The Obama Administration's Challenge in Responding to the Test
North Korea's aggressive behavior of recent months seems to be driven more by internal than external policy considerations, underscoring the following challenges for the Obama administration as the situation unfolds following the test:
- How to ensure that North Korea faces "consequences" for conducting a second nuclear test without further enflaming a situation in which North Korea's aggressive actions appear to be increasingly motivated by the leadership's own sense of vulnerability.
- How to effectively communicate U.S. policy to a preoccupied North Korean leadership, especially given the apparent need of the leadership to magnify hostility by outside countries as a tool for enhancing internal political controls. An immediate challenge is how to secure the release of two American journalists who are being detained in Pyongyang without rewarding North Korea in the aftermath of the nuclear test.
- How to break the tried and true pattern in which North Korea utilizes crisis escalation to take the initiative followed by relaxation of tensions and return to dialogue on its own terms as a winning strategy with the United States and the international community.
- How to minimize damage to and uphold the credibility of the international non-proliferation norm in light of the damage to the international non-proliferation regime done by North Korea's nuclear test.
- How to show that the United States remains committed to North Korea's denuclearization AND stands against possible North Korean proliferation of nuclear materials.
- How to mobilize North Korea's neighbors, and especially China, to utilize its leverage in concert with the United States and the other parties on the basis of the idea that regional stability versus denuclearization is a false choice, and that a nuclear North Korea is inherently destabilizing.
North Korea's Test and China's Strategic Dilemma
In light of the prior precedent set by UN Security Council Resolution 1718, which condemned North Korea's first nuclear test and imposed but never implemented sanctions on North Korean military-related trade and luxury goods, the Security Council should be able to achieve consensus on a new resolution.
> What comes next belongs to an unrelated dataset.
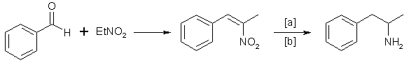 Condensation of benzaldehyde with nitroethane yields 1-phenyl-2-nitropropene2,9. Hydrogenation of the double bond and subsequent reduction of the nitro group gives the amphetamine: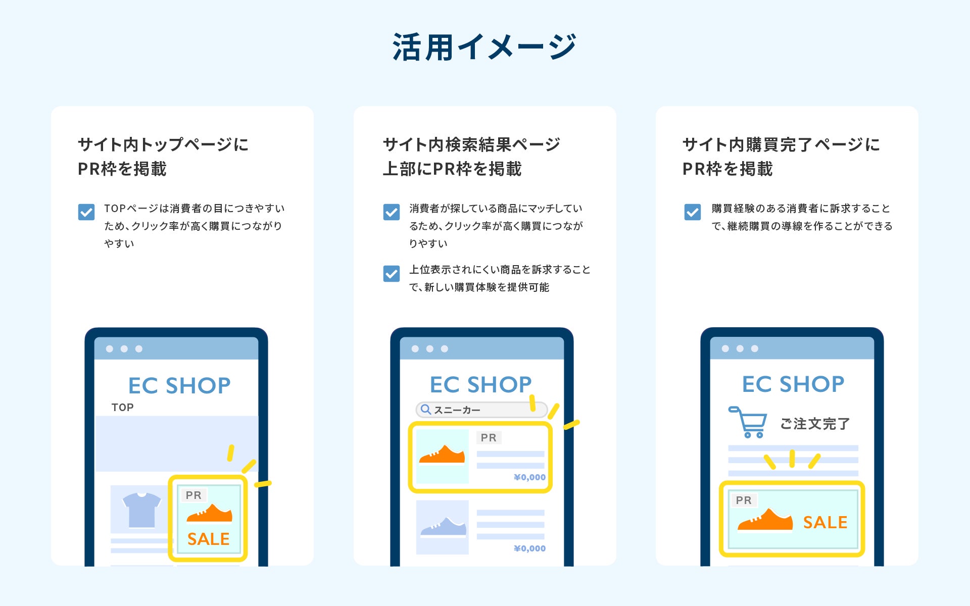 PR広告は、訴求したい商品に広告枠を設置し配信します。今後、カテゴリーや購入履歴、一緒に購入される商品など、ECサイトがもつデータを活用した広告配信を行う予定です。

Last month's UN Security Council Presidential Statement was accompanied by sanctions on three North Korean missile-related companies. The main tests for the Security Council, and China in particular, will be how to expand the scope of sanctions that the Security Council will be willing to authorize and whether/how to endorse any accompanying diplomatic measures by which to address to address the issue with North Korea.
My book China's Rise and the Two Koreas shows how China's policies toward North Korea have increasingly come into conflict with its own broader interests in regional and global stability: North Korea's latest test directly defies Chinese interests by enhancing Japan's security anxieties and giving momentum to countermeasures (i.e., debates in Japan over acquisition of preemption and even nuclear capabilities) that are ultimately contrary to Chinese interests. North Korea's actions force China to choose between short-term support for a North Korea that continues to risk Chinese interests by promoting regional tensions and enhancing instability and China's long-term needs to uphold international non-proliferation norms and remove the sources of instability on the Korean peninsula.